О слабости немцев знали штабы союзников, но у французских генералов
были свои расчеты. Проникнутые в своем большинстве идеологией фашизма, они
давно уже стремились доказать, что демократический режим непригоден для
ведения войны. Они пропагандировали мысль, будто республиканские порядки
убили во французах патриотизм и способность чувствовать себя воинами. Они
утверждали, будто "проникновение политики" в армию нанесло удар моральному
состоянию солдатской массы, помешало военному обучению и внесло в войска дух
поражения. Они шумели о "виновности" во всем этом коммунистической партии
Франции. Заместитель начальника генерального штаба генерал Жеродиа дошел до
того, что разослал командующим военными округами Франции документ,
полученный от маршала Петэна и содержащий указания о действиях, какие
надлежит предпринять против "мятежа", якобы задуманного "коммунистическими
элементами" армии против своих офицеров. На самом деле тут шла речь об
искоренении в армии патриотических элементов и воспитании ее в фашистском
духе, в духе поражения.
Всячески демонстрируя взаимную враждебность, Петэн и Вейган совместными
усилиями вели французскую армию к разгрому. Они не только разлагали ее
морально, но боролись и против усиления ее технического оснащения. Еще
будучи военным министром, Петэн прямо воспротивился продолжению линии Мажино
на север - мере, которая могла бы усилить оборону Франции в случае вторжения
Гитлера через Бельгию и Голландию. Со стороны Петэна это было открытым
предательством интересов Франции.
Не лучше обстояло дело и с военной доктриной. Все высшие военные
руководители Франции были участниками войны 1914-1918 годов. Вейган,
предшествовавший Гамелену на посту главнокомандующего, и сам Гамелен были
приверженцами устаревшей доктрины времен первой мировой войны. Маршал Петэн,
генералиссимус 1918 года, кумир и высший авторитет в среде французского
офицерства, будучи вице-председателем Высшего военного совета и военным
министром, не мог выйти из-под гипноза того способа ведения войны, который
применялся под Верденом. А этим способом была позиционная война. В ней
движение войсковых масс в бою измерялось метрами, плодами наступления бывала
в лучшем случае линия окопов или какой-нибудь узел местного значения. Ни
масштабы свалившейся на них войны, ни требования быстрого и решительного
маневра на широком оперативном пространстве не были понятны Петэну и его
единомышленникам. Воспитанные в косности французские генералы прививали эту
косность и офицерскому корпусу. Из решительных людей действия, какими должны
быть военные руководители, они превратились в чиновников, старающихся не
иметь собственного мнения. А уж если мнение необходимо было высказать, то
оно должно было укладываться в прочно устоявшиеся рамки рутины. Соображения
карьеры и личного благополучия заставляли их больше смотреть в рот
начальству, чем размышлять.
Все это самым пагубным образом сказалось и на развитии двух важных
видов оружия, рожденных первой мировой войной, - авиации и танков.

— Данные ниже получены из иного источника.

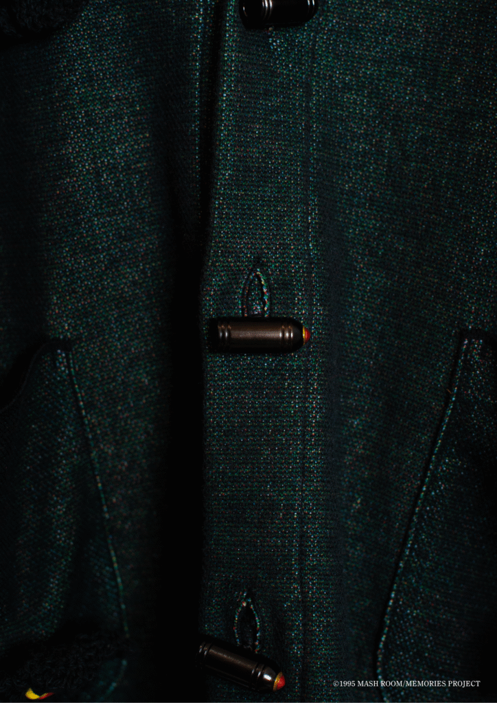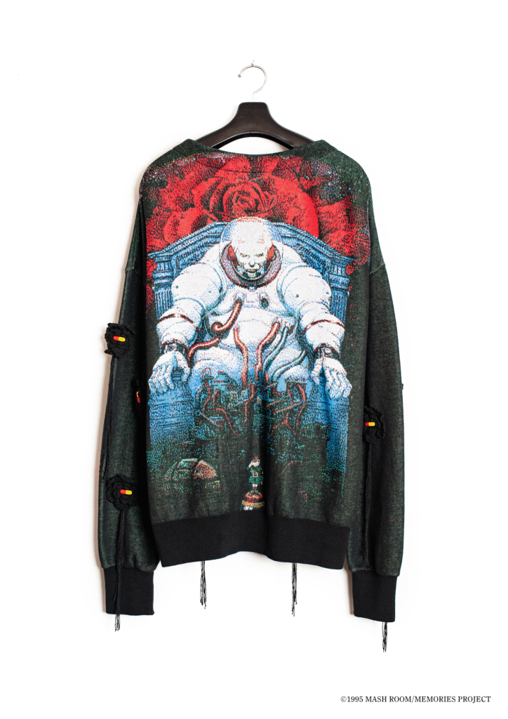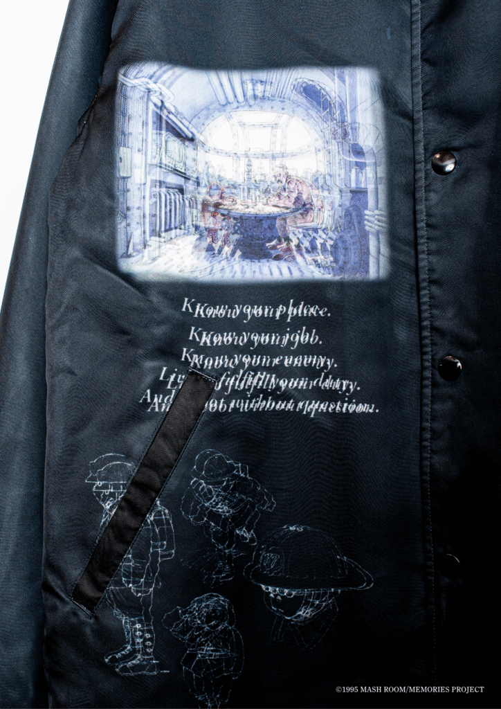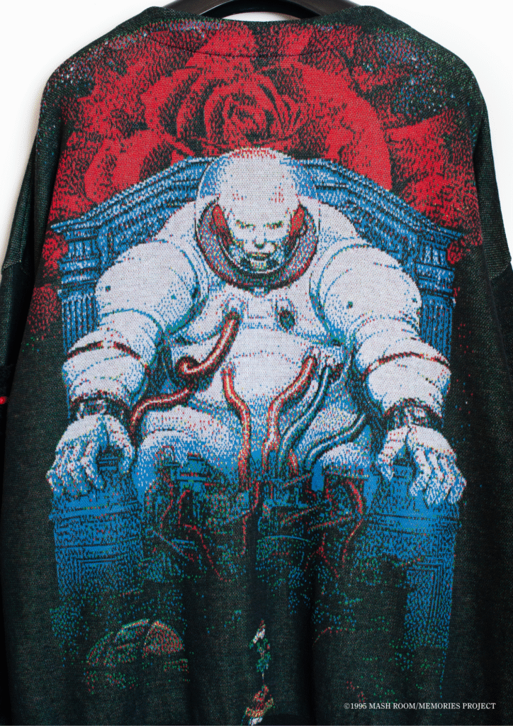 大友克洋先生の繊細な筆致をニットで表現するため、6色の糸を緻密に設計し、ジャカードで編み立てた。 モチーフはオムニバス3作を横断し、「彼女の想いで」を象徴する薔薇は手編みのニットで表現し、 「最臭兵器」のカプセルはオリジナルパーツで再現。 また、「大砲の街」に登場する大砲を3Dモデリングから起こした特注ボタンを採用し、三作品のシーンを一着に集積。 コラボレーションのメインビジュアルにふさわしい存在感へ仕上げている。

Французская боевая авиация находилась во власти офицеров-белоручек. Это была
армейская аристократия, перекочевавшая на самолет с вышедшего в отставку
коня. Служба в авиации стала спортом. Летчики готовились к индивидуальным
подвигам, не имея никакого представления о действиях авиационных масс. Они
охотно служили в истребительных частях, но пренебрегали бомбардировочными и
разведывательными частями. Эту черную работу они предоставляли
унтер-офицерам. О взаимодействии с другими родами оружия, о действиях над
полем боя французские летчики не имели представления.
Еще хуже обстояло дело в танковых войсках. Офицеры других родов оружия
смотрели на танкистов сверху вниз, как на "механиков". Танкисты были
плебеями армии. Они не были подготовлены к самостоятельным действиям. Танки
считались вспомогательным средством пехоты, неспособным решать задачи даже
самого скромного тактического характера. Концепция пассивной обороны, как
ржавчина, глубоко проела сознание французских полководцев. Они даже танк
стали рассматривать как оружие оборонительное.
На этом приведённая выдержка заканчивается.